The actor and comedian rose to fame as ‘the impressions guy’ on Saturday Night Live. Now he’s the star of an Emmy-winning sitcom, which he also writes and directs. If only he could be less anxious about it all …

I’m early for my interview with Bill Hader, but he’s even earlier, waiting for me in his office when I arrive a very uncool half-hour before we’re scheduled to meet. I say I can go for a walk until the appointed time, but he makes a “Don’t be ridiculous” shrug and tells me to come on in. In his vintage T-shirt, dark jeans, white trainers and hair that probably should have encountered a barber at least six weeks ago, he looks closer to a 1990s video shop slacker than the multi-award winning director, writer and actor that he is, with his very own office on the Sony studios lot in Los Angeles, which is where we’re meeting today. Hader himself is pretty bemused at how things have panned out for him.

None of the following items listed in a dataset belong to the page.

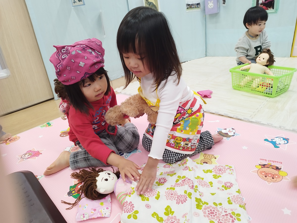 人形遊びをしました♪エプロンに三角巾を付けてパパやママに変身!!おんぶしてみたり、お風呂に入れてあげたりみんな嬉しそうにお世話を楽しんでいました♪
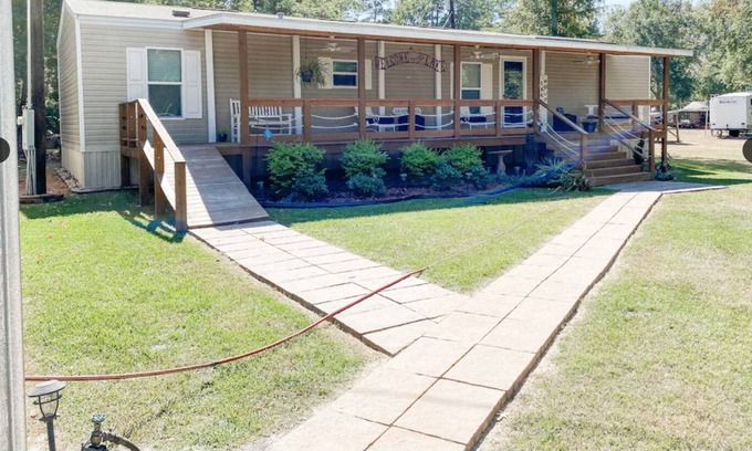 Fantastic Getaway for Fisherman and/or the family. Just steps from Mill Creak Park entrance. Great for boating, fishing, swimming and all your lake fun. Home comes fully furnished and includes an outdoor kitchen, outdoor restroom and outdoor shower. Also, includes a fish cleaning station. Please bring your own hotspot if wifi is required as local availabilty is inconsistent.
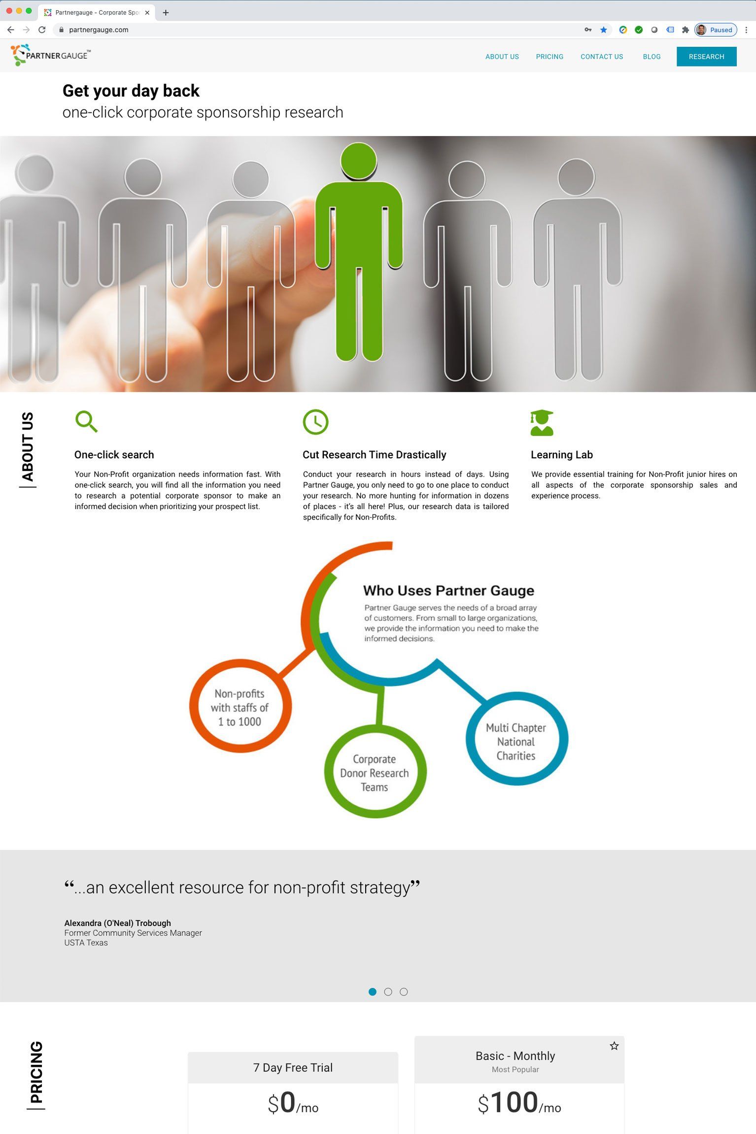 PartnerGauge.com is a SAAS startup for the Non-Profit industry. It provides corporate sponsorship research & training tools which saves time & money for non-profits.
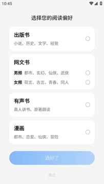 1、打开软件先简单进行设置,选择感兴趣的类型进入软件。
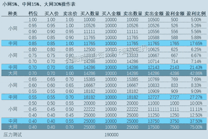 一、网格 1.0 的问题 上次让各位先自行思考网格 1.0 的问题。大家可以再看下面两张图,那么 1.0 的问题到底有哪些呢? 很明显,最大的问题在于——在一波强势上涨中,赚得不够多。大家看 2015 年底到 2016 年底这一波接近 80% 的暴涨中,你的每一格投入只赚了 5%~8%。没错,你的所有投入都赚钱了,之后的下跌你也全都躲过了,但是 99.9999% 的人都会极度不满意自己的这波操作。尤其是当这个品种从 0.4 涨到接近 0.8,你看着交易记录中自己在最低位买入的居然只赚了 7% 就卖掉了,一定悔恨不已。 然而如果你足够理性,你就应该知道——悔恨毫无用处,没有时光机器让你回到几个月前再来一次。所以你最应该做的,是改进你的交易策略,下次做得更好。 赚少了,没关系,我们升级。 我们的网格策略2.0,是由若干子策略集合而成。你可以组合使用,也可以单独使用。丰俭由人,各取所需。 二、2.1:留利润 2.0 的第一个子策略,叫做留利润。 每一次网格卖出操作中,你可以把利润留下。因为这部分是 0 成本,所以你可以无限期持有。 金融心理学告诉我们,人们很容易把持仓品种分为不同的心理账户。那么,我们不如就将这部分 0 成本的利润,做为「免费得到」心理账户的品种,长期持有。无论它如何波动,因为是「赚来的」,所以在正常人的认知中,它都不会带来情绪化上的变化。 各位要知道,由于经济发展以及通胀的影响,绝大多数指数型品种长期看都会一路向上。所以你的网格利润自动转换成长期持有的部分后,会为你带来长期良好收益。 留利润子策略具体做法: 举例,1 元价格买入 10000 元某品种 10000 份。1.05 元卖出 10000 元 9524 份,剩下的 476 份永不卖出,或者到极度高估的情况再卖。 这个子策略,你还可以继续进化。比如:留双份利润,留三份利润。怎么理解?你一格赚了 5%,但因为这时候已经跌得太多了,你可以不仅留下 5% 的利润,还可以留下 5% 甚至 10% 的本金。 即,1元价格买入 10000 元某品种 10000 份。1.05 元留双份利润,卖出 9048 份 共 9500 元,500 元利润与 500 元本金永不卖出,或者极度高估才卖。 三、2.2:逐格加码 这个很容易理解。 只要一个品种不会死,一定是价格越低价值越大。同时,见底以及波动的可能性也逐渐增加。所以,每一格增加一定投入,最终可以获取更大的利润。这也一定程度上缓解了 1.0 系统中底部利润过低的缺陷。 怎么加呢,永远要牢记压力测试的重要性。 列表格,列出最坏情况下自己是否还能坚持。然后逐渐加码,你可以尝试从第二格开始,每格比上一格加 5%。算到最后你发现自己资金和心理状态扛不住了,没关系,那就从第三格开始加码,前两格用同样的金额。如果还是扛不住,那就从第四格开始。 如果你发现到最后自己的状态也非常轻松,那就每格增加 7%,或者 10%。总而言之,因为所有交易在交易开始前你就已经开始计划,所以无论如何调整都没有任何问题。只要你不过高或者过低估计自己的实际情况,那么怎么调整细节是非常自由的。 四、2.3:一网打尽 这是网格 2.0 系统的终极大招,会让利润疯狂奔跑的子策略。 各位可以想象一下,自己是出海打鱼的渔夫。这时候你需要面临选择:如果你带的网很密,那你会把所有小鱼抓走。但这样做的问题在于,你把所有小鱼苗都抓走了,它们永远也无法长成大鱼让你吃大肉。然而如果你带的网眼很大,确实能捞到大鱼,但碰到大鱼的机会很低,可能一年也抓不到一只。 那么,发挥你的聪明才智:能不能同时多撒几个网? 好了,2.3 子系统登场。大网,中网,小网一起上。 如果把 5% 的网格当作小网,那么你可以再设置一个 15% 的中网,一个 30% 的大网。把你的资源分配到三个网格系统中。用 5% 的网格满足日常生活所需,15% 的网格改善生活,30% 的网格赚大钱。 什么?你说 30% 不是大钱?朋友,0.3 ÷ 0.7 = 43%。大网第一网就是 43% 的利润,如果你有幸买到第二个大网,那么利润就是 0.3 ÷ 0.4 = 75%。够大不够大? 具体做法: 中网、大网操作方法与小网一致,但网格幅度升至 15% 以及 30%。当然,这两个数字你也可以自己调整,比如 10% 和 20%,又或者 20% 和 40%。无所谓。 中网 0.85、0.7、0.55……买入的,分别在 1、0.85、0.7 卖出。 大网 0.7、0.4 买入的,分别在 1、0.7 卖出。 依然是拿出表格,做压力测试。 有朋友问,为什么大网一网可以赚 43% 和 75%,那么我们干嘛不把所有资源投入到大网上?还要做 5% 的小网? 很简单。未来是未知的。如果整个品种长期只在 10%~20% 的范围内波动,你的大网一网都赚不到,而别人的小网已经赚了很多。记得之前大鱼的例子吗? 这是华宝油气四年来大、中、小网操作示意图。

“I’m such a movie nerd that, the first time I came here, I knew that Buster Keaton had lived here, so I wanted to see that. And stage 27, where we shoot our show, that’s where they shot The Wizard of Oz. Pretty crazy,” he says, eyebrows gently rising over his mask. Despite the two of us maintaining a careful social distance, Hader and I keep our masks on throughout the interview because, due to a longstanding eye problem, he is on medication that suppresses his immune system, “which is not great right now. And then people say, ‘Getting stressed makes it worse.’ And I’m like, ‘Gee, well, I wish I could stop that,’” he says without a drop of sarcasm.